EXERCISE PROMPT =>
What you should give back is a precise copy of the lines below from the one containing "Meguiar’s Iron Removing" through the one containing "Praha, Družstvo Dílo", with no pictures.

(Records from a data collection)
══════
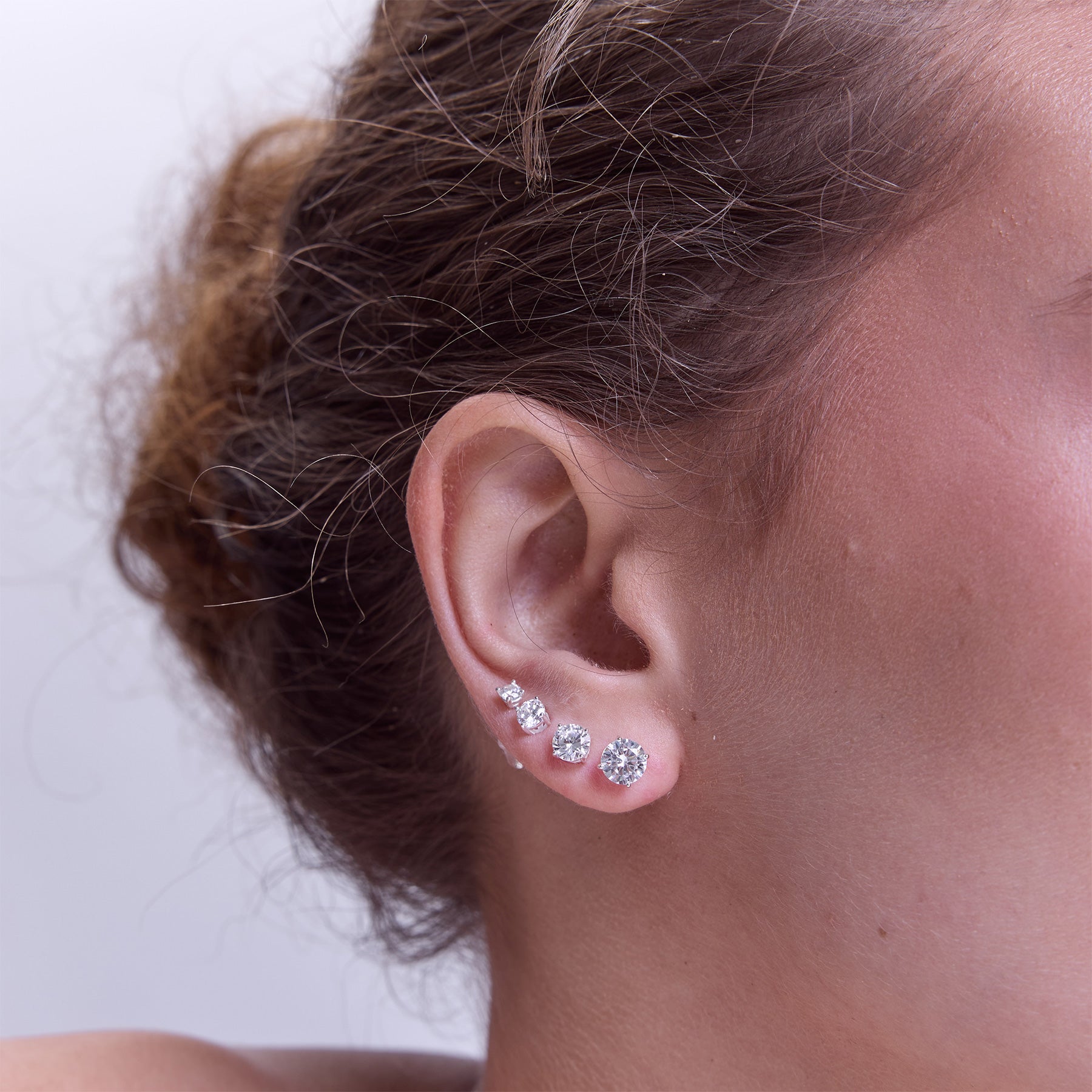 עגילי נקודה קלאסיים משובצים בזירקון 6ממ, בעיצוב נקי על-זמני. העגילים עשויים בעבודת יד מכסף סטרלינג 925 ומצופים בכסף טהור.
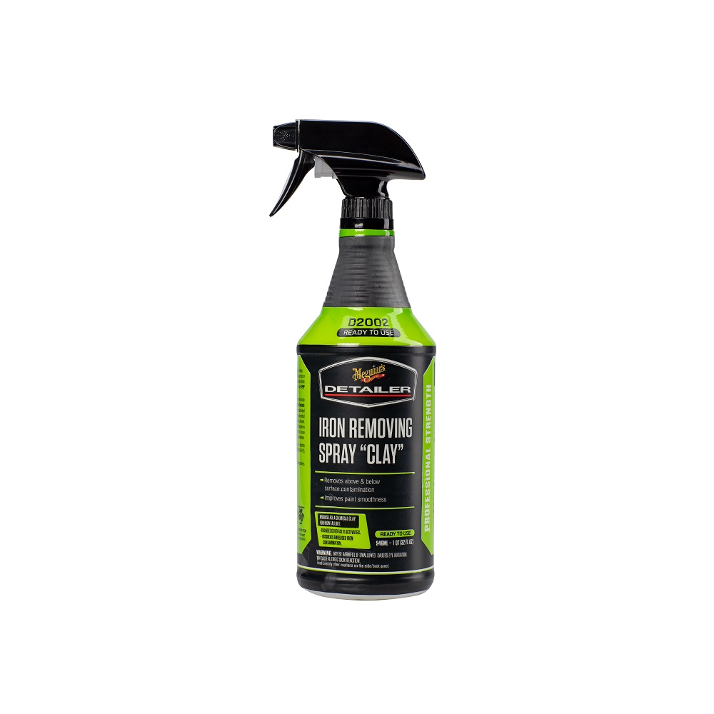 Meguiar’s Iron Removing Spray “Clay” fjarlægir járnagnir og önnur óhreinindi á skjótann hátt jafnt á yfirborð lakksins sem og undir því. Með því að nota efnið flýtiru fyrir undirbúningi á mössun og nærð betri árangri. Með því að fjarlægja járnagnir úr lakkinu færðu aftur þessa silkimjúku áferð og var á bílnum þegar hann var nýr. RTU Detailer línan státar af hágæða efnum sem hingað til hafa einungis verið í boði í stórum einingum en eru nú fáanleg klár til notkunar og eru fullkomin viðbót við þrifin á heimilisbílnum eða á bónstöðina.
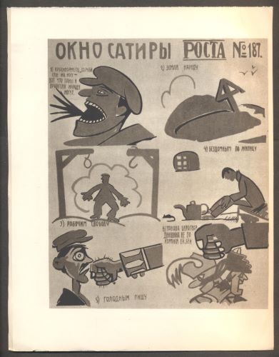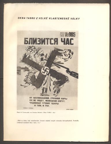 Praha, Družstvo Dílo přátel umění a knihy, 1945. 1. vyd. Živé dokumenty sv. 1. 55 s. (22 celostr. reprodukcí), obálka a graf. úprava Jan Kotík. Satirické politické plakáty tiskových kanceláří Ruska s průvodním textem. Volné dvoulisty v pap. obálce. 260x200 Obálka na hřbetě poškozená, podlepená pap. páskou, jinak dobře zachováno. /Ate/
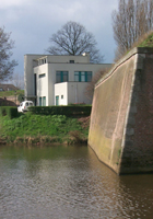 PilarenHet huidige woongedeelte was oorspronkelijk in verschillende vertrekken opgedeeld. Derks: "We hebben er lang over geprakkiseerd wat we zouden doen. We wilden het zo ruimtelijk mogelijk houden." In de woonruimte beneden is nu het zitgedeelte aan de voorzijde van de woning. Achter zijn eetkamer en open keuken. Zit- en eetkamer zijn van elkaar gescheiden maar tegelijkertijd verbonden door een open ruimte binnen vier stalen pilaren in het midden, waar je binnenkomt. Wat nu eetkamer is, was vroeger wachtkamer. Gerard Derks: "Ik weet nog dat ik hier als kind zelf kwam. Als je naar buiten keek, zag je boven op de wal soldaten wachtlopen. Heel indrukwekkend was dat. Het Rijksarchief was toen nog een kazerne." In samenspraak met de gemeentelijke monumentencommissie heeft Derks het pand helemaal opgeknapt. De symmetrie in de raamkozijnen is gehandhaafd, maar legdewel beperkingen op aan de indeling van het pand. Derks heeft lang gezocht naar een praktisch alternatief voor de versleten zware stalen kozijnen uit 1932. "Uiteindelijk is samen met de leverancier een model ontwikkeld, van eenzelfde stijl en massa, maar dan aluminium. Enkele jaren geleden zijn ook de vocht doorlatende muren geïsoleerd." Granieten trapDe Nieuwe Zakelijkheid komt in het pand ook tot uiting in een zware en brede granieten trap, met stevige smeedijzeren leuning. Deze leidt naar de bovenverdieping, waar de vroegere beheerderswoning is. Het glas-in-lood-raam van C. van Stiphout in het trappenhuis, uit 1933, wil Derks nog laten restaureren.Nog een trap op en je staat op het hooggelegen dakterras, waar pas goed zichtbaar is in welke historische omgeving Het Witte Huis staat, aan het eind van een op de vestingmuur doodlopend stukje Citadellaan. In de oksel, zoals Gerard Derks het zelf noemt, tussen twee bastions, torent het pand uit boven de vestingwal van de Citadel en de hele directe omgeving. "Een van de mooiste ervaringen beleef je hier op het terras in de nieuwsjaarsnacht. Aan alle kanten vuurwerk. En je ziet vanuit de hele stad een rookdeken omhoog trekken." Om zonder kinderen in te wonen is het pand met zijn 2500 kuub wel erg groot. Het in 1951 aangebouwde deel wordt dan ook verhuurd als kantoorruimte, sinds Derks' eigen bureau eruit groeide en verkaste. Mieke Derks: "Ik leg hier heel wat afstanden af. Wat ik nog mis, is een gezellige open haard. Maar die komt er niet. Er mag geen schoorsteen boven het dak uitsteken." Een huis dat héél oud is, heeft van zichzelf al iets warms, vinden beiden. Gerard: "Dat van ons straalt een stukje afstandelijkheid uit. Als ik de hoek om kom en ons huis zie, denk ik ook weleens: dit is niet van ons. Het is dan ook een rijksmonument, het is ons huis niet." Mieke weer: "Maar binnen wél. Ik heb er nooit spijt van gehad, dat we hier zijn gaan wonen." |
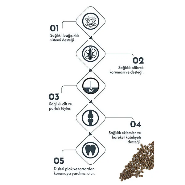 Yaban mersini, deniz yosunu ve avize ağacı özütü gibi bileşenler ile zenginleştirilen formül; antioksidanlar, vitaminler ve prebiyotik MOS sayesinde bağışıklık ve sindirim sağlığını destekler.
══════
OUTPUT BELOW =>
 Meguiar’s Iron Removing Spray “Clay” fjarlægir járnagnir og önnur óhreinindi á skjótann hátt jafnt á yfirborð lakksins sem og undir því. Með því að nota efnið flýtiru fyrir undirbúningi á mössun og nærð betri árangri. Með því að fjarlægja járnagnir úr lakkinu færðu aftur þessa silkimjúku áferð og var á bílnum þegar hann var nýr. RTU Detailer línan státar af hágæða efnum sem hingað til hafa einungis verið í boði í stórum einingum en eru nú fáanleg klár til notkunar og eru fullkomin viðbót við þrifin á heimilisbílnum eða á bónstöðina.
 Praha, Družstvo Dílo přátel umění a knihy, 1945. 1. vyd. Živé dokumenty sv. 1. 55 s. (22 celostr. reprodukcí), obálka a graf. úprava Jan Kotík. Satirické politické plakáty tiskových kanceláří Ruska s průvodním textem. Volné dvoulisty v pap. obálce. 260x200 Obálka na hřbetě poškozená, podlepená pap. páskou, jinak dobře zachováno. /Ate/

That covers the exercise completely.